RAW DATA:
^^^^^^^^^^^^^^^^
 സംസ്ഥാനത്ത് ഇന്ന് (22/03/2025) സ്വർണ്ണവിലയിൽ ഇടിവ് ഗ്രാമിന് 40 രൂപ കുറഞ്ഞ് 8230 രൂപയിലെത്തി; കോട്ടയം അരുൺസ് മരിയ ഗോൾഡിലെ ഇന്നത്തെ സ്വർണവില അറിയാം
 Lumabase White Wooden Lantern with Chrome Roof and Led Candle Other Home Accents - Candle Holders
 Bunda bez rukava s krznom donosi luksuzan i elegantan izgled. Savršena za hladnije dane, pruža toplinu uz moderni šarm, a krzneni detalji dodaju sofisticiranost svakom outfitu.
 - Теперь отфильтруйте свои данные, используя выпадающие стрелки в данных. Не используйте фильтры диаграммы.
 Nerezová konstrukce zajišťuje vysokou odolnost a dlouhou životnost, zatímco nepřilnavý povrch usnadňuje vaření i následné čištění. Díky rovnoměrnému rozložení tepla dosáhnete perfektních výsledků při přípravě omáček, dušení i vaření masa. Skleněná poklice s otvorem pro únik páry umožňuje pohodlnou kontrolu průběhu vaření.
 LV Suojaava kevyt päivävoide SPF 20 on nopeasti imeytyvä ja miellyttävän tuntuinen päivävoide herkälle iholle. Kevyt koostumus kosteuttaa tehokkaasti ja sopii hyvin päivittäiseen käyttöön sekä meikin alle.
^^^^^^^^^^^^^^^^
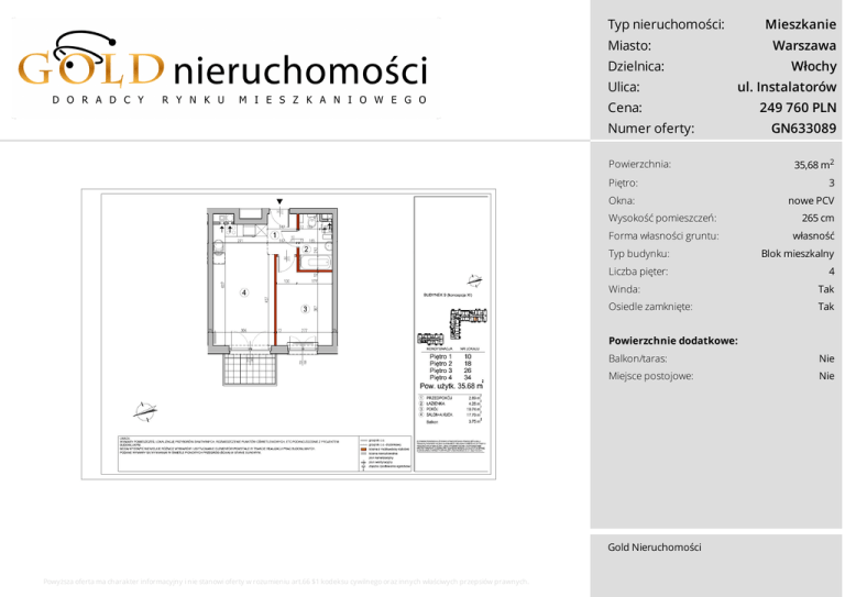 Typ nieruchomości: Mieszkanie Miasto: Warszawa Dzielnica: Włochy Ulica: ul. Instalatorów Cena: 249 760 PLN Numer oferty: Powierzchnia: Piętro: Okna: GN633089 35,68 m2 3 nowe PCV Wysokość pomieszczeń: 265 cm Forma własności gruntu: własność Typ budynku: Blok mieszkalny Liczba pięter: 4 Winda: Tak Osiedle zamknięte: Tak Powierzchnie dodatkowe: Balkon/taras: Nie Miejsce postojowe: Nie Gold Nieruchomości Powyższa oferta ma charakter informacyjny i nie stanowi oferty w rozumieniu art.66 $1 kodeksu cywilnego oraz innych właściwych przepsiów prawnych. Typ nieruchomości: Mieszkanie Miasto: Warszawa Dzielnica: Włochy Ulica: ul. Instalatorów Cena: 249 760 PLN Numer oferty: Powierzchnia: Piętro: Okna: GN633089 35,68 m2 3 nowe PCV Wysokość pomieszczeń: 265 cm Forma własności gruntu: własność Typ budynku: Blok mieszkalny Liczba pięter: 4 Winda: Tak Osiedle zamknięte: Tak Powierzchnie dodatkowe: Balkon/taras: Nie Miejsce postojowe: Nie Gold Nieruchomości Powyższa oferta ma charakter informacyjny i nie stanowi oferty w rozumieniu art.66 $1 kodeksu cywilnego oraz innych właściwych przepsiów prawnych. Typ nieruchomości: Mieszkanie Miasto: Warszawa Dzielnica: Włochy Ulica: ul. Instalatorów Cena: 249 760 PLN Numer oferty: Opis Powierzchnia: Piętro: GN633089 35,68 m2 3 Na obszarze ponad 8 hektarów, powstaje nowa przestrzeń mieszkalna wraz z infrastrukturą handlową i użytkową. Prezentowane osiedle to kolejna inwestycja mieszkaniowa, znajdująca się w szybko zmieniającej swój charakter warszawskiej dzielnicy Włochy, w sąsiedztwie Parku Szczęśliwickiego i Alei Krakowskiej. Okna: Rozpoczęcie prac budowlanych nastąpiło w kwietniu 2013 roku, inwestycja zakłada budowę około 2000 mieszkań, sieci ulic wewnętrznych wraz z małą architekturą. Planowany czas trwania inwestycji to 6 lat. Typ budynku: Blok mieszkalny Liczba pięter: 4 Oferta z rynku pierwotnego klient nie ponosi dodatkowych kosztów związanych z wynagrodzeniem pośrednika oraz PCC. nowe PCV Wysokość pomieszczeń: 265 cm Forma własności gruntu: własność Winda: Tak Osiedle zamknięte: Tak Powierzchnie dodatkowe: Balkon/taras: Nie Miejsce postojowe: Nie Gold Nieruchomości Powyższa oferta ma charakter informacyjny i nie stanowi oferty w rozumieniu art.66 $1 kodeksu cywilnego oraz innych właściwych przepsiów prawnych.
^^^^^^^^^^^^^^^^
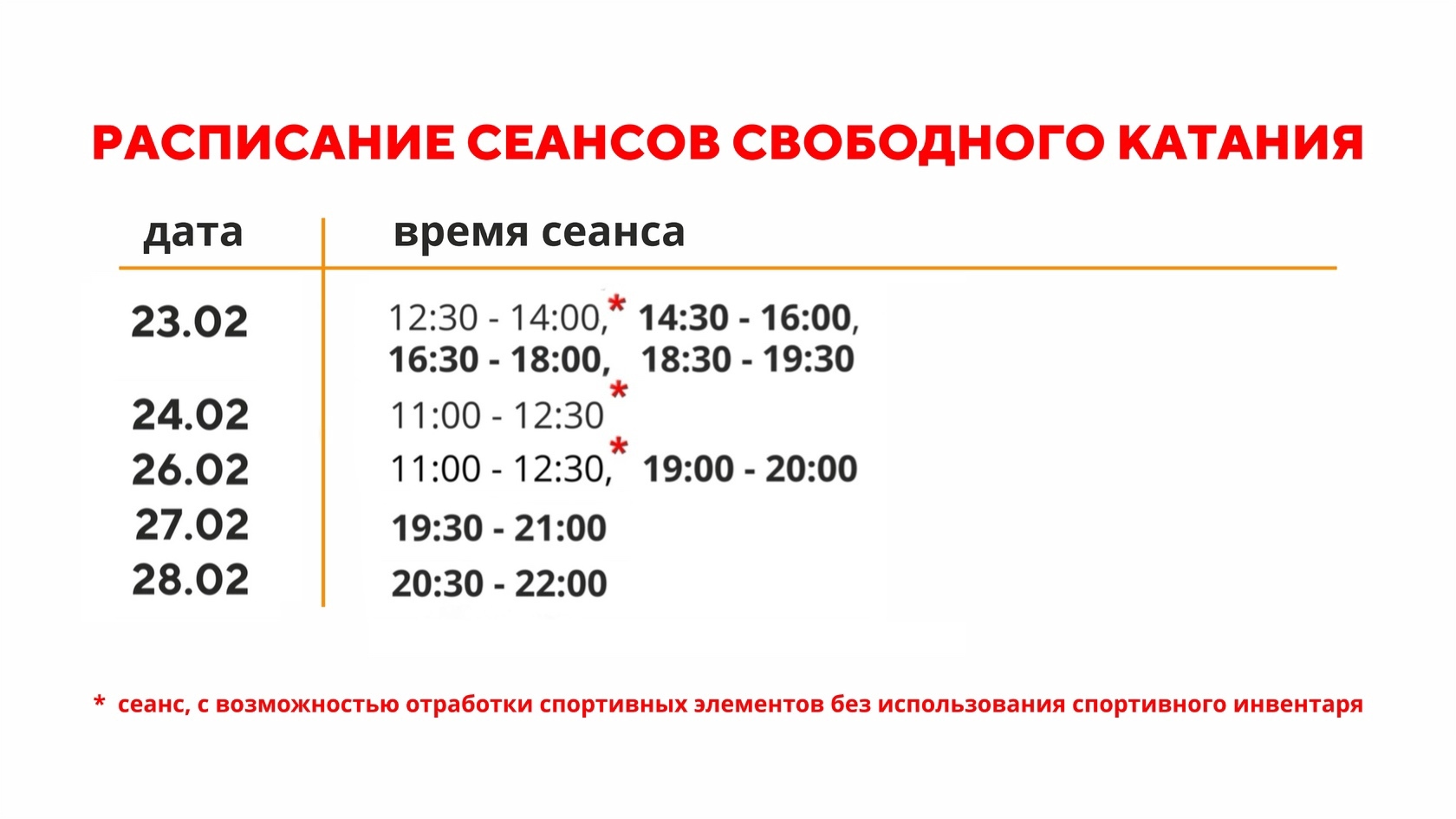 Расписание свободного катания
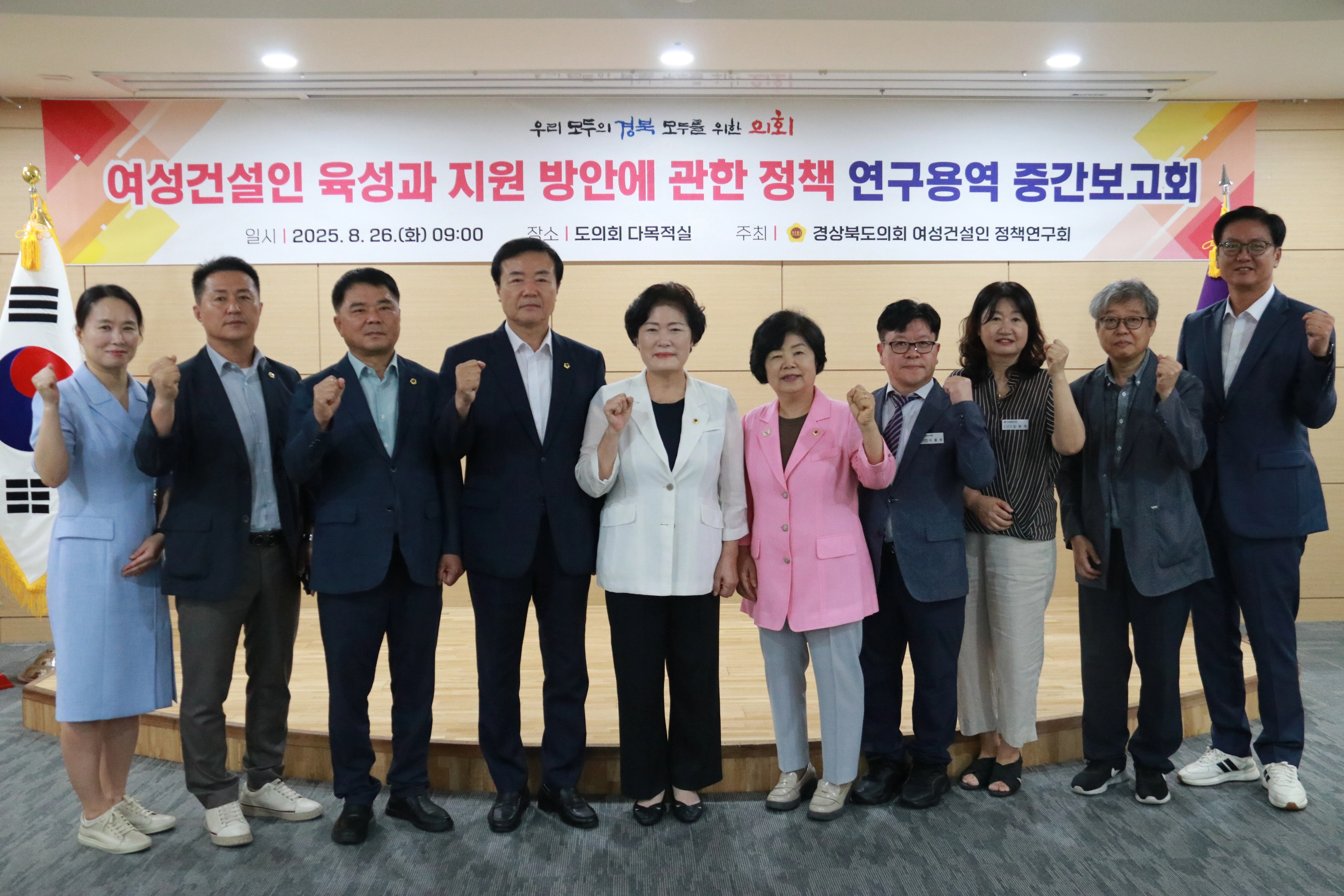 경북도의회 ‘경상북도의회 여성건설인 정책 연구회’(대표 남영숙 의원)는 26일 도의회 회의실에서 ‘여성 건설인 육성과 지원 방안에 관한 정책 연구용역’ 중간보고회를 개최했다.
^^^^^^^^^^^^^^^^
YOUR ASSIGNMENT:
Retype exactly the lines of the data above that fall between the line with "സംസ്ഥാനത്ത് ഇന്ന് (22/03/2025)" and the line with "LV Suojaava kevyt", inclusive, and add nothing.

RESULT OF THE TASK:
 സംസ്ഥാനത്ത് ഇന്ന് (22/03/2025) സ്വർണ്ണവിലയിൽ ഇടിവ് ഗ്രാമിന് 40 രൂപ കുറഞ്ഞ് 8230 രൂപയിലെത്തി; കോട്ടയം അരുൺസ് മരിയ ഗോൾഡിലെ ഇന്നത്തെ സ്വർണവില അറിയാം
 Lumabase White Wooden Lantern with Chrome Roof and Led Candle Other Home Accents - Candle Holders
 Bunda bez rukava s krznom donosi luksuzan i elegantan izgled. Savršena za hladnije dane, pruža toplinu uz moderni šarm, a krzneni detalji dodaju sofisticiranost svakom outfitu.
 - Теперь отфильтруйте свои данные, используя выпадающие стрелки в данных. Не используйте фильтры диаграммы.
 Nerezová konstrukce zajišťuje vysokou odolnost a dlouhou životnost, zatímco nepřilnavý povrch usnadňuje vaření i následné čištění. Díky rovnoměrnému rozložení tepla dosáhnete perfektních výsledků při přípravě omáček, dušení i vaření masa. Skleněná poklice s otvorem pro únik páry umožňuje pohodlnou kontrolu průběhu vaření.
 LV Suojaava kevyt päivävoide SPF 20 on nopeasti imeytyvä ja miellyttävän tuntuinen päivävoide herkälle iholle. Kevyt koostumus kosteuttaa tehokkaasti ja sopii hyvin päivittäiseen käyttöön sekä meikin alle.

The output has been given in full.